Na Wall Street zaczęło bujać

Po pięciu miesiącach niezmąconych większą korektą wzrostów, na Wall Street powróciła zmienność. Turbulencje, których doświadczyli także inwestorzy w Europie Zachodniej, były wynikiem rosnącej niepewności co do skali obniżek stóp procentowych przez najważniejsze banki centralne.

Publikacja: 15.04.2024 06:00

Na Wall Street zaczęło bujać

Foto: AFP

Przyczyniły się do tego zarówno dane makroekonomiczne coraz wyraźniej sugerujące odrodzenie w przemyśle na rynkach rozwiniętych, jak i wzrost ceny części surowców. Trudno jednak oczekiwać, żeby z takich powodów mogło się zrodzić coś więcej niż korekta.

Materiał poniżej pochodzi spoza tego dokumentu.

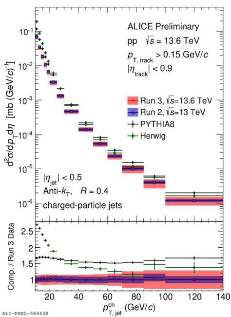 Comparisons with ALICE Run 2, PYTHIA8, and HERWIG are presented.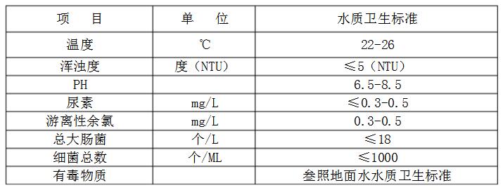 隨著人們生活水平的提高,游泳館已成為人們經(jīng)常光顧的娛樂、休閑、體育鍛煉的重要場所之一,為保證人工游泳池的水質(zhì)標(biāo)準(zhǔn),我國目前已頒發(fā)了《游泳場所衛(wèi)生標(biāo)準(zhǔn)》和《游泳池給水排水設(shè)計規(guī)范》兩個法規(guī),其中對人工游泳池的水質(zhì)標(biāo)準(zhǔn)規(guī)定如下:

Po 107 sesjach, podczas których indeks S&P 500, rosnąc o niemal 27 proc., nie doświadczył spadku większego niż 2 proc., nadeszła zmiana. W czwartek, 4 kwietnia, główne indeksy akcji na Wall Street dokonały dość zaskakującej wolty – sesję zapoczątkowaną 1-proc. wzrostem zakończyły ponad 1-proc. spadkiem. W rezultacie skala rozpoczętej w prima aprilis korekty notowań S&P 500 na zamknięciu czwartkowej sesji przekroczyła (minimalnie, ale jednak) 2 proc. Choć do 10 kwietnia spadek ten nie został pogłębiony, to jednak wzrost zmienności był wyraźny.

Szersze wzrosty

Oczywiście te kilka sesji, podczas których inwestorzy doświadczyli w sumie dość ograniczonych turbulencji, nie zmienia całego obrazu ostatniej fali hossy. Nadal stosunek zysku do ryzyka dla indeksu S&P 500 jest ponadprzeciętny i może równać się jedynie z przykładami z 1986, 1995 oraz 2017 roku. Żaden z nich nie wyznaczał końca trendu wzrostowego, ale zmienność w postaci większych i częstszych korekt musiała się w końcu pojawić, tak wtedy, jak i teraz. Warto jednak zauważyć, że drawdawn (największy spadek od szczytu w danym roku) dla indeksu S&P 500 nadal jest w tym roku najniższy w historii. Co ważniejsze, rozpoczęta w październiku 2022 roku fala trendu wzrostowego zdecydowanie się zdemokratyzowała, obejmując również mniejsze firmy.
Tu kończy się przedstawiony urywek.